Я был наивен и слишком упрощал, но не в этом даже дело. Я искал общее начало не там, где оно было.
И не получилось, не могло получиться. Я был разочарован разнородностью своего строения. Я сбил в одну кучу все экстравагантное, сильное, выразительное, необычное, что возбуждало во мне интерес к жизни, которая еще впереди. Я не думал о том, какой же я, и что во всей этой мешанине на меня похоже. Я конструировал идеал.
Я боялся противоречий неразрешимых, то есть, невыразимых. То, что выражено — освоено; если понимаешь, значит сможешь как-то примирить в себе… или примириться.
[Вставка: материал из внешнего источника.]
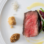 メニューは、21時までは月替わりのお任せコースのみ。5月のコースは旬の食材を使った前菜から始まり、トリュフがトッピングされたチーズラビオリ、兵庫県産純血但馬“淡路和牛”サーロインといった炭焼きを使ったメインまで8品と充実。どの料理もワインと相性抜群で、ワインが進みます。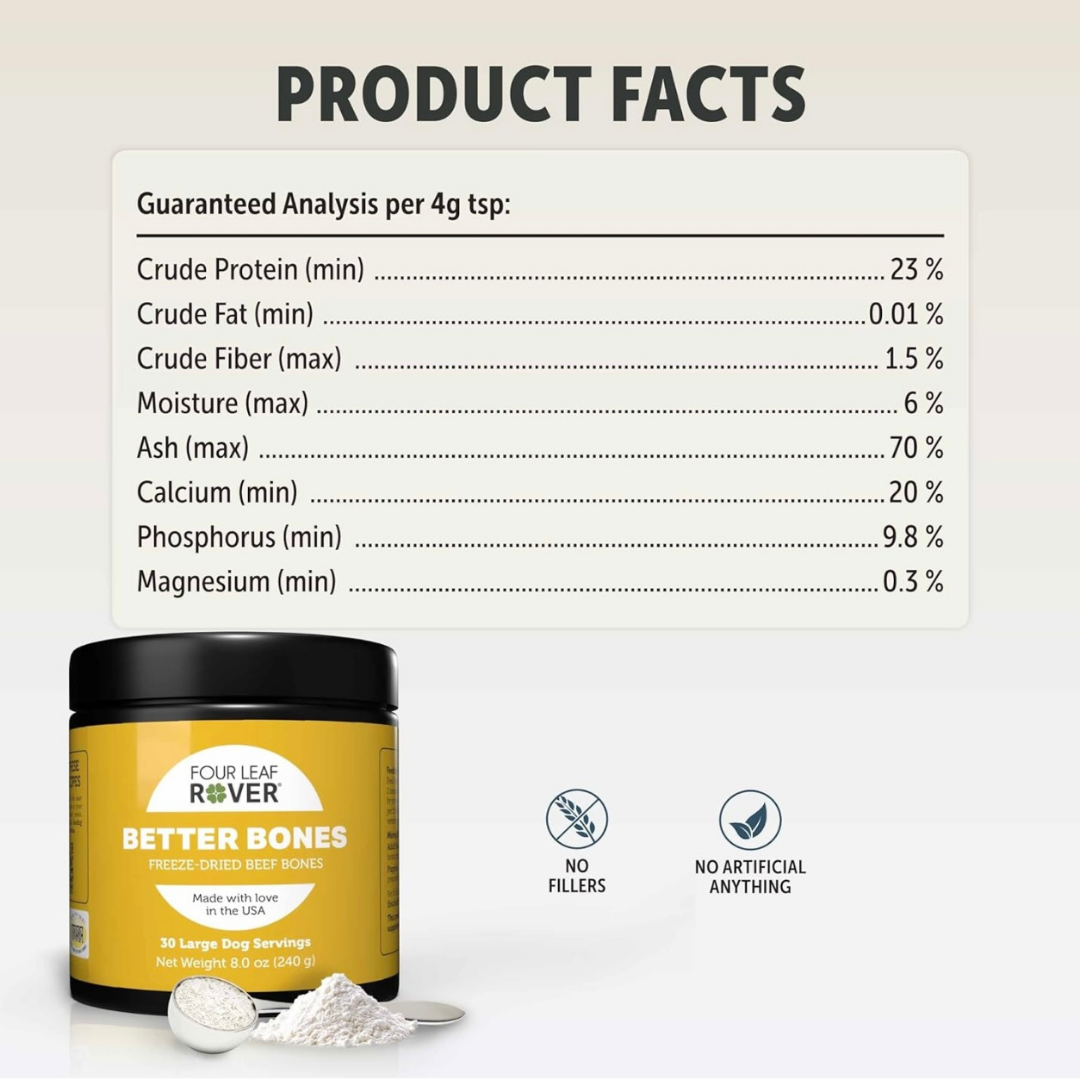 Better Bones delivers minerals the way nature intended, straight from whole bone. Unlike many calcium powders that use heat or synthetic ingredients, this bone meal is dried at low temperatures to keep the nutrients intact and easy to absorb. That makes it a safe choice for growing puppies, adult dogs, seniors, and pregnant or nursing females. It’s gentle on digestion and helps maintain a healthy mineral balance without the risks of over-supplementation.

Серьезное творчество — продукт примирения, выражение цельности, часто единственной, которую художник может собрать, накопить, выжать из себя. Я не говорю о таких, как Рубенс, Коро или Ренуар, гармоничных, устойчивых во всем. Я имею в виду таких, как Гоген, Ван Гог… или Зверев, Яковлев… Независимо от масштаба таланта, для них искусство почти единственное выражение той цельности, которой на жизнь им не хватило. Я не говорю о морали, для меня это скользкий лед, я имею в виду соответствие масштаба поступков, отношений и вообще всей личности — творческому результату. Одни просто и естественно распространяют свою цельность на всю жизнь, другие достигают ее на отдельных вершинах тяжелой творческой работой, в картинах, книгах… и совсем не способны поддерживать тот же «уровень» в жизни. Мне смешно, когда говорят о бессмертии души. И вовсе не потому, что я материалист, хотя и это важно. Под конец жизни наша душа — пусть будет это слово — настолько обременена, отягощена, что ясно: она «не рассчитана» на вечность, а только едва-едва выносит земную жизнь и к концу ее не менее истрепана и истерзана, чем тело.

крыша дома моего

………..
Институт биофизики АН СССР был моим домом много лет, не раз я укладывался спать в лаборатории на трех стульях, покрывшись телогрейкой, которую выдавали для работы в холодной комнате. Непрерывные процессы, что поделаешь, и техника не позволяла отлучаться надолго. С удовольствием вспоминаю то время — непрерывных усилий, постоянных огорчений и редких удач, но зато каких: задаешь природе вопрос — и вдруг получаешь ясный недвусмысленный ответ! Так, чтобы был недвусмысленный и ясный, доказывающий правомерность самого вопроса — в точку попал!.. два-три раза было за всю мою двадцатилетнюю жизнь в науке. Но вполне достаточно, чтобы убедиться в гениальности Спинозы: связь идей та же, что связь вещей…

вариант

………….
Я понимаю, варианты мало кому интересны, но в них, собственно, весь процесс. Если у вас нет привязанности к содержанию, сюжету, интриге, новым землям и вещам, то что вам остается — варианты, ((в которых мизерные изменения, лучше-хуже — неизвестно, поскольку сравнивать имеет смысл только с самим собой, ведь вариант!)) — и надежда, что движешься не совсем уж в круговую, а хотя бы небольшим шажком в сторону своих исконных пристрастий, смайл…

Друзья

………..
Долго жили сами по себе в пустой квартире. Теперь снова со мной они.

ТУСЯ


………
Умница, гений по части открывания дверей и всяких других изобретений.

из сусека

…………………
Все-таки, скажу одну вещь, кажется, говорил уже, но забыл. Она совсем не популярная, и, наверное, неправильная. Во всяком случае, может быть, обидная для окружающих людей. Но что поделаешь, стремление нравится, особенно женщинам, это достояние молодых, и со временем ослабевает, а стремление нравится всем без разбора — вообще странное, смайл… А желание быть правым и говорить исключительно умные вещи граничит с идиотизмом, мое скромное мнение…
Так вот, основная цель искусства — самоисследование. Скитаемся по внутренним разборкам и тупикам, и где-то щели, где-то двери, и оттуда — свет, свет…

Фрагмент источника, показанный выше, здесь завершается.